Re: [PATCH v2 1/2] mm/page_alloc: Fix panic caused by passing debug_guardpage_minorder or kernelcore to command line

From: Michal Hocko
Date: Tue Sep 25 2018 - 01:59:15 EST


On Mon 24-09-18 14:42:17, Andrew Morton wrote:
> On Mon, 24 Sep 2018 16:24:08 +0200 Michal Hocko <mhocko@xxxxxxxxxx> wrote:
>
> > On Sat 22-09-18 22:53:32, zhe.he@xxxxxxxxxxxxx wrote:
> > > From: He Zhe <zhe.he@xxxxxxxxxxxxx>
> > >
> > > debug_guardpage_minorder_setup and cmdline_parse_kernelcore do not check
> > > input argument before using it. The argument would be a NULL pointer if
> > > "debug_guardpage_minorder" or "kernelcore", without its value, is set in
> > > command line and thus causes the following panic.
> > >
> > > PANIC: early exception 0xe3 IP 10:ffffffffa08146f1 error 0 cr2 0x0
> > > [ 0.000000] CPU: 0 PID: 0 Comm: swapper Not tainted 4.19.0-rc4-yocto-standard+ #11
> > > [ 0.000000] RIP: 0010:parse_option_str+0x11/0x90
> > > ...
> > > [ 0.000000] Call Trace:
> > > [ 0.000000] cmdline_parse_kernelcore+0x19/0x41
> > > [ 0.000000] do_early_param+0x57/0x8e
> > > [ 0.000000] parse_args+0x208/0x320
> > > [ 0.000000] ? rdinit_setup+0x30/0x30
> > > [ 0.000000] parse_early_options+0x29/0x2d
> > > [ 0.000000] ? rdinit_setup+0x30/0x30
> > > [ 0.000000] parse_early_param+0x36/0x4d
> > > [ 0.000000] setup_arch+0x336/0x99e
> > > [ 0.000000] start_kernel+0x6f/0x4ee
> > > [ 0.000000] x86_64_start_reservations+0x24/0x26
> > > [ 0.000000] x86_64_start_kernel+0x6f/0x72
> > > [ 0.000000] secondary_startup_64+0xa4/0xb0
> > >
> > > This patch adds a check to prevent the panic
> >
> > Is this something we deeply care about? The kernel command line
> > interface is to be used by admins who know what they are doing. Using
> > random or wrong values for these parameters can have detrimental effects
> > on the system. This particular case would blow up early, good. At least
> > it is visible immediately. This and many other parameters could have a
> > seemingly valid input (e.g. not a missing value) and subtle runtime
> > effect. You won't blow up immediately but the system is hardly usable
> > and the early checking cannot possible catch all those cases. Take a
> > mem=$N copied from one machine to another with a different memory
> > layout. While 2G can be perfectly fine on one a different machine might
> > result on a completely unusable system because the available RAM is
> > place higher.
> >
> > So I am really wondering. Do we really want a lot of code to catch
> > kernel command line incorrect inputs? Does it really lead to better
> > quality overall? IMHO, we do have a proper documentation and we should
> > trust those starting the kernel.
>
> No, it's not very important. It might help some people understand why
> their kernel went splat in rare circumstances. And it's __init code so
> the runtime impact is nil.
>
> It bothers me that there are many other kernel parameters which have
> the same undesirable behaviour. I'd much prefer a general fixup which
> gave all of them this treatment, but it's unclear how to do this.

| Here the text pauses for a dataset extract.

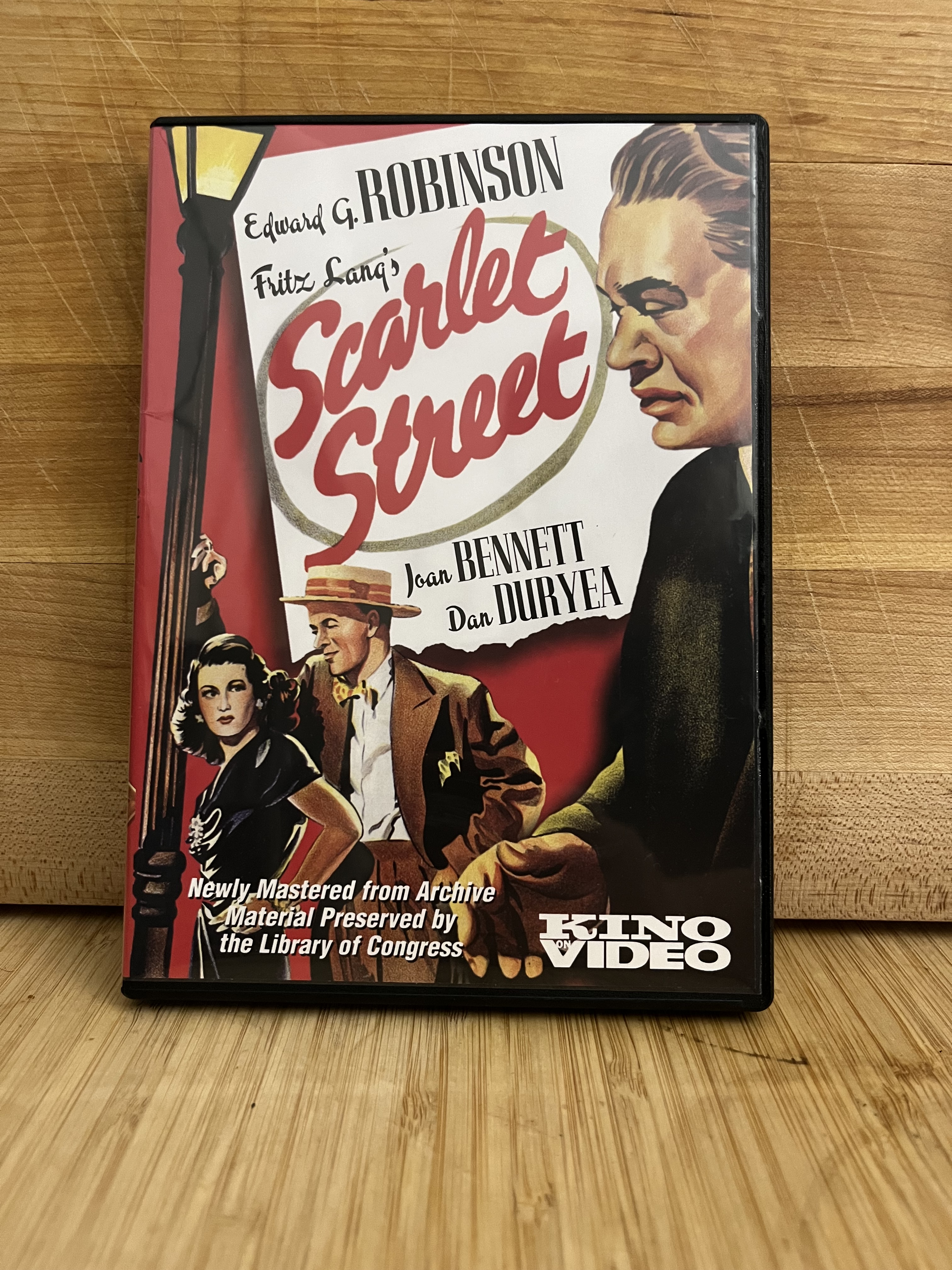 My go-to bourbon for this drink is Maker’s Mark Cask Strength, but they make the spirit I featured in last month’s aged eggnog and I wanted to mix things up a bit. I’m glad I did: 1792 is just about as good of a value and contributes an even higher ABV, which is essential for cutting the sweetness of the amaretto and creating the “warm glowing warming glow” I’m looking for in the dead of winter. It results in a richer texture as well, and you definitely want to use 2:1 simple syrup for the same reason. Disaronno is delicious and easy to find and also has a great origin story: according to the company’s website, the woman the artist Bernardino Luini (a pupil of Leonardo di Vinci) chose as a model for the Madonna in one of his frescoes created it as a thank you gift. And so it was that this month’s pairing suggested itself, because when I think about painting and the winter holidays, one movie immediately springs to mind: Scarlet Street, which ends with perhaps the most cynical use of Christmas music in the history of cinema. Here’s a picture of my Kino Video DVD release:

If early_param took an additional argument to tell "this really requires
a parameter" then we could do it in the common code.

$ git grep "early_param(\"" | wc -l
251

quite a lot of work for something that hasn't been a problem for years I
guess. But maybe this would allow to remove ad-hoc checks in handlers
and reduce the overal code size (in LOC) in the end.
--
Michal Hocko
SUSE Labs